Even before he resigned, people had already coined the phrase, “Tricky Dick”, especially after the discovery of an 18-minute gap in a crucial White House tape recording at the time. And who can forget Nixon going on TV and self-righteously proclaiming to the American people that “I am not a crook!”, not long before he was forced to resign under impeachment.
Since the resignation in August 1974, no other member of the Executive branch of the U.S. Government has been named Dick, until now. And maybe not even now, if the new “Tricky Dick” has his way.
Everyone by now has heard that vice-president Dick Cheney has issued proclamations that he and his office are not part of the Executive branch of the U.S. Government, all evidence in the US Constitution to the contrary. Specifically, Article II, which defines the Executive Branch of the US Government states in section 1:
Article II, Section 1. The executive Power shall be vested in a President of the United States of America. He shall hold his Office during the Term of four Years, and, together with the Vice President, chosen for the same Term, be elected, as follows:”
Now, I don’t intend to ignore the rest of the Constitution (as others in the Bush administration seem to do at will). Article I of the Constitution defines the Legislative branch of the US Government, and yes, Virgina, you guessed it: Article III defines the Judicial Branch.
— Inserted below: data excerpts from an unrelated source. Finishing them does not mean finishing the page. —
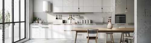 © Media Srock, Fototapeta premium A large kitchen with a white counter and wooden cabinets. The kitchen is very clean and well-organized
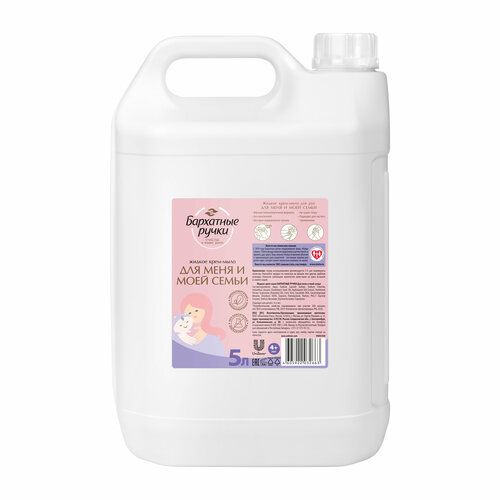 Жидкое Крем-мыло для рук Бархатные ручки Для меня и моей семьи 5 л. Крем-мыло нежно и глубоко очищает кожу, а отсутствие выраженного запаха и красителей обеспечивает комфортное использование для каждого члена семьи. Поэтому мыло способствует уходу за кожей рук уже во время мытья и подготавливает кожу к восприятию полезных компонентов крема.
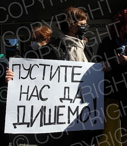 Citizens in front of the Youth center are protesting against the polluted air. Gradjani ispred Doma omladine protestvuju protiv zaadjenog vazduha.
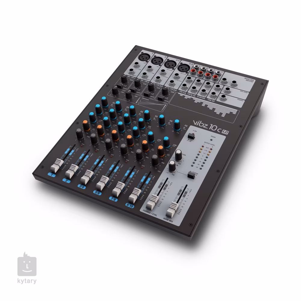 VIBZ 10 je ideální řešení pro zvučení menších kapel i akcí. Nabízí čtyři kanály se symetrickými mikrofonními/linkovými vstupy, třípásmovými korekcemi, fantomovým napájením a low cut filtrem, dva inserty pro použití externích efektů nebo dva stereo/mono kanály s dvoupásmovými korekcemi.
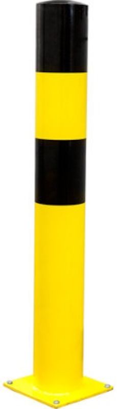 Trafikpollare Janina, Ø 159 mm, väggtjocklek 4,5 mm, för betongfäste. Gul plastbeläggning med svarta varningsmarkeringar.

But for now, let’s stick with Article I (Legislative). About halfway through section 3, there is a single-sentence paragraph, which states::
“The Vice President of the United States shall be President of the Senate, but shall have no Vote, unless they be equally divided.”
Anyone familiar with any parliamentary procedure such as Robert’s Rules, for instance, knows that the”president” or chairman of the parliamentary meeting is simply a moderator. And most of the time, the VP is absent anyway, showing up only to cast a tie-breaking vote on issues important to the executive branch. I certainly wouldn’t call this function legislative in nature, but merely ceremonial and occasionally tie-breaking.
No so for “Tricky Dick” Cheney, though. Little things such as historical precedent and the US Constitution are but minor inconveniences to be brushed aside. When it was discovered that Tricky Dick was ignoring a Bush Executive Order regarding the handling of classified information, he self-righteously proclaimed, “The office of the Vice-president is not an Executive Branch entity!!”
I can just imagine Tricky Dick’s lawyers huddled late into the night at the (Executive branch) White House (where Tricky has an office), disassembling and reassembling out-of-context pieces of the Constitution to create the whimsical argument that the vice-president is not really the second-in-command of the Executive Branch, but is really a Legislator. After all, that’s what lawyers do to win cases. But of course, in this case, these lawyers are being paid with YOUR taxpayer dollars. Think about that.
Now, only the most fanatical neocons bought this fabricated argument (along with their weekly dose of Tricky Dick’s Snake Oil). But when Congress threatened to cut of the vice-president’s office funding, the White House (where Tricky Dick has his office), backed it down, claiming that the “rationale has been the view of the vice-president’s lawyers, not Cheney himself”.
I guess the White House had no choice, because in 2001 they claimed that probing into Cheney’s energy task force meetings “would constitutionally interfere with the functioning of the executive branch”.
Okay. End of issue, right? Nope. Try again.
Tricky Dick isn’t Tricky Dick for nothing, y’know. In a recent interview with Mark Knoller of CBS News, Tricky Dick again refused to admit he was a member of the Executive branch of the U.S. Government. When pressed by Knoller about being primarily a member of the Executive branch, Tricky Dick replied, “I suppose you could argue it either way. The fact is that I do work in both branches.” The interview can be heard here.
Tricky Dick also said that the vice-president is a “unique creature”.
I looked in the Constitution. I read every single word. I could not find “unique creature” anywhere.
It must be written in the Constitution in that ultra-secret, normally invisible “decoder ring” ink that also gives the executive branch unlimited power to violate federal law, torture prisoners, suspend habeas corpus indefinitely, spy on private U.S. citizens (and now confiscate private property and assets) without a warrant, and declare legitimate protesters as “unpatriotic” and “traitors”, simply because they disagree with the executive branch’s policies.